I used to get upset with my husband because it felt like he didn’t consider me. If he was getting something to drink, he would rarely offer me one, and I often felt like my opinion really didn’t matter much to him on many levels. I licked my wounds for years and played the victim, dramatically jumping up to get my own drink or bulldozing my thoughts onto him without being asked. It didn’t work.
I began to pray that my husband would change. Sigh….it’s embarrassing now, but I prayed that he would become more thoughtful and less self-centered. I don’t remember how long it took, I’d like to say seconds, but it was probably months, but I suddenly realized that I never did the things for my guy that I was accusing him of neglecting for me! And actually, when I was really honest, he took much better care of me than I did of him.

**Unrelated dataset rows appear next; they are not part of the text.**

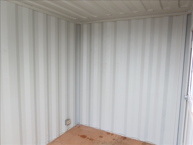 9'L X 88"W X 98"H PORTABLE OFFICE CONTAINER W/DOUBLE SWING END DOORS, MAN DOOR, WINDOW FORK POCKETS, PUCK LOCK BRACKET, WIRED FOR POWER, 110V (NO REMOVAL BEFORE THURSDAY, APRIL 18TH)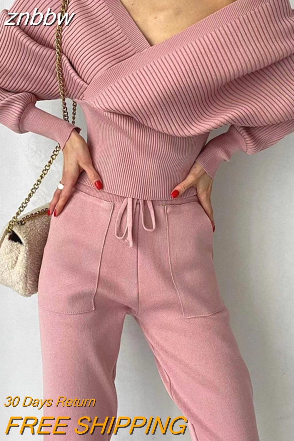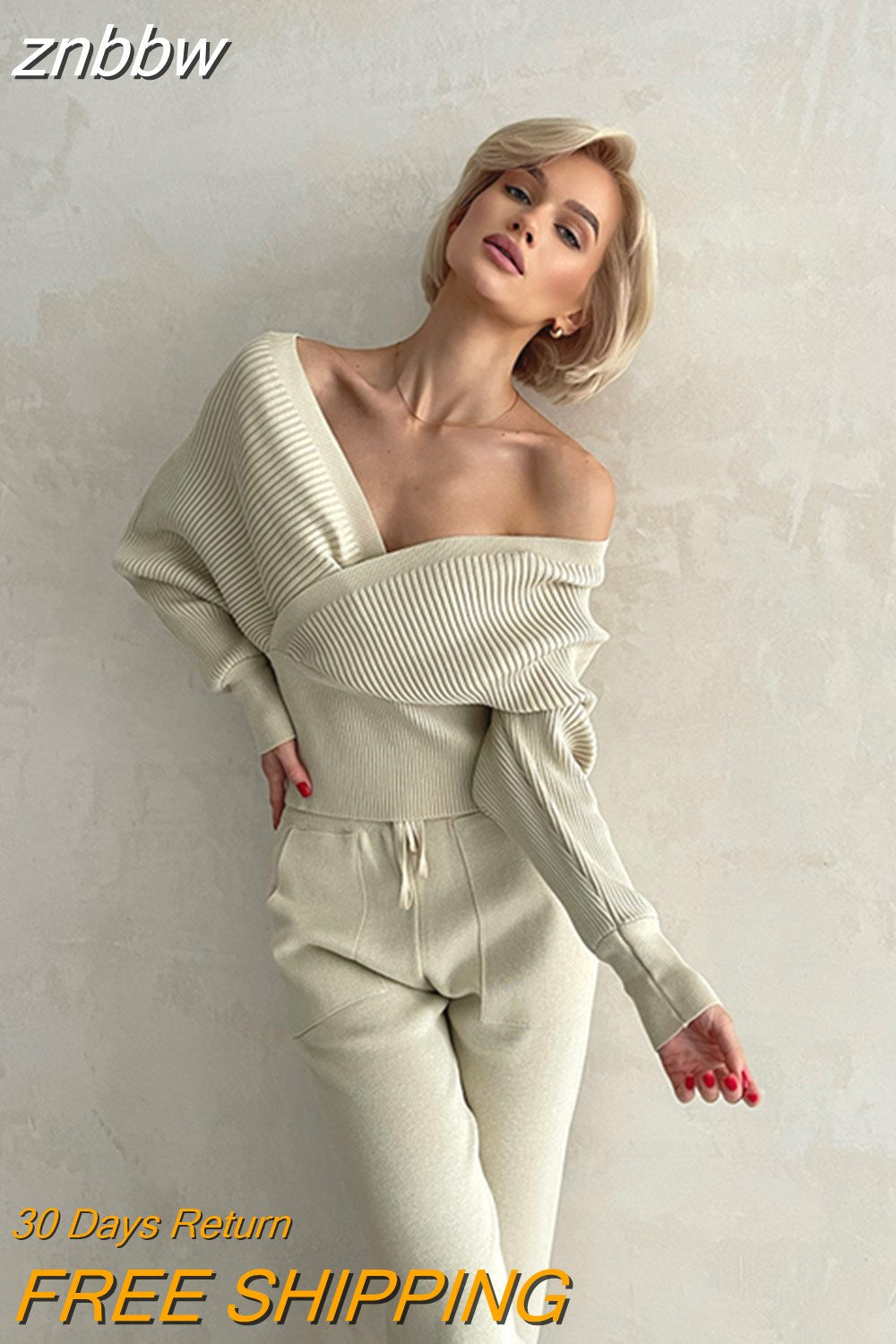 znbbw New Sexy Off Shoulder Knitted Two Piece Set Women Long Sleeve Sport Tracksuit 2 Piece Sweater Pants Suits Matching Sets
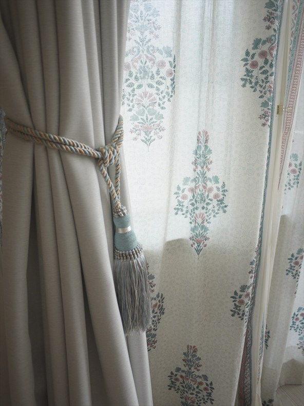 水色のタッセルがとても合っていてお気に入りの空間を演出してくれる存在感抜群なカーテンとタッセルをとても気に入っています!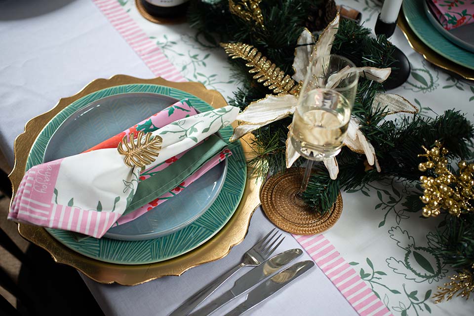 Create a show stopping centre piece by adding a Christmas table runner to this year's tablescape.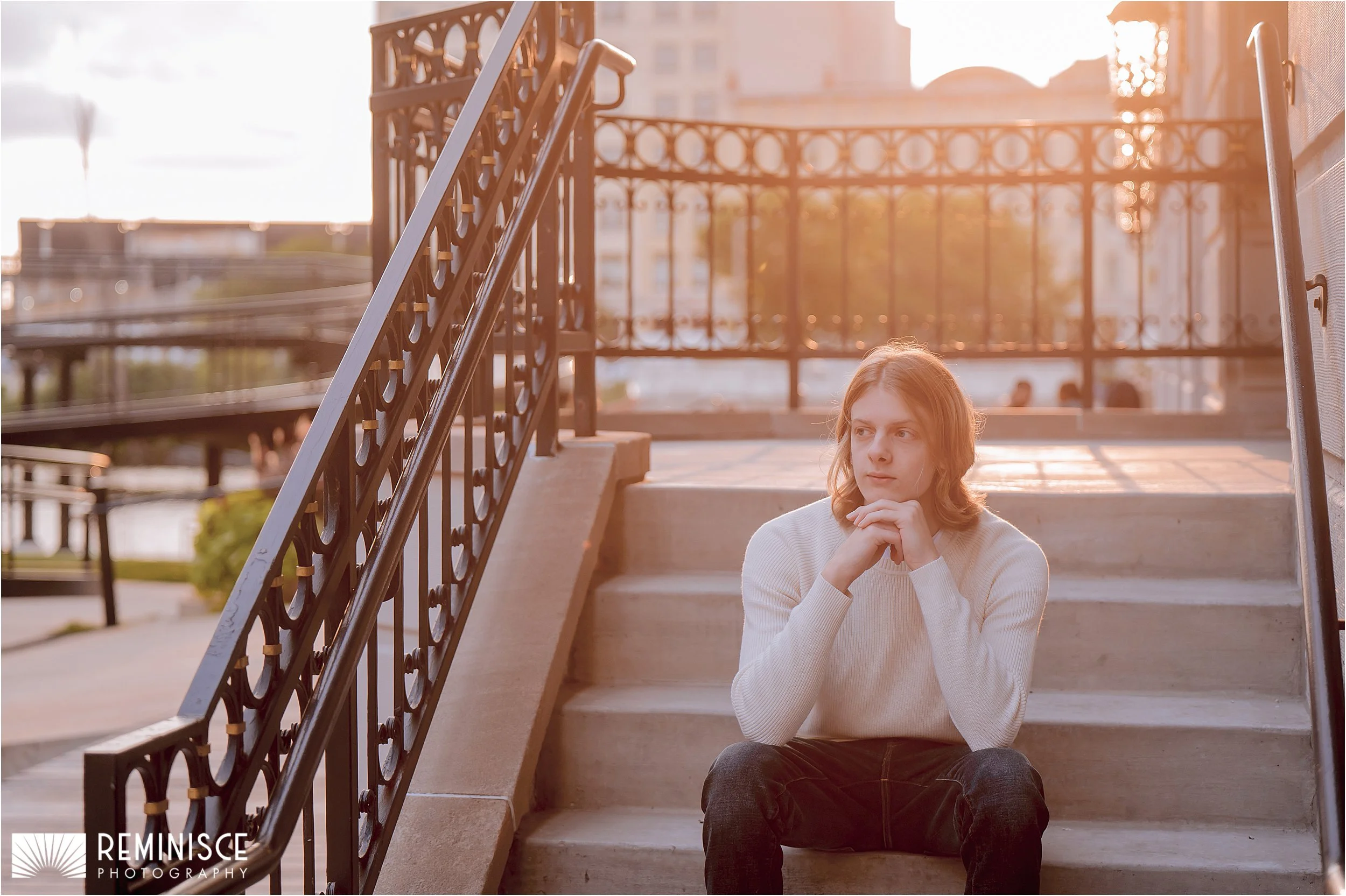 Golden hour in Milwaukee’s Third Ward gave Elias’ senior portraits the perfect vibe. The soft evening light brought out all the beautiful details of the Riverwalk and those historic buildings we love so much. Milwaukee’s cream city brick, mixed with the industrial elements of the area, made for such a cool, authentic backdrop. It’s no wonder the Third Ward is a go-to spot for so many Milwaukee, WI senior photographers!

My prayer changed to being more thoughtful and less self-centered myself, as well as letting go of the victim mentality and the idea that I deserved better. I started to do little things, like ask my guy if he needed anything while I was getting up and asking for his ideas on issues and situations I didn’t think he would be concerned about. I was amazed to learn that he had some really strong opinions, and suddenly we were trying to out-serve each other! Years later, we consult each other regularly on big and small things and try to honor the others’ opinion because we see with very different eyes.
My point is that the Golden Rule really does work, and if you’re self-righteously accusing your spouse of something, make sure you’re not guilty of the same offense or worse. Do a little experiment, giving whatever it is that you wish you were receiving. You just might be pleasantly surprised.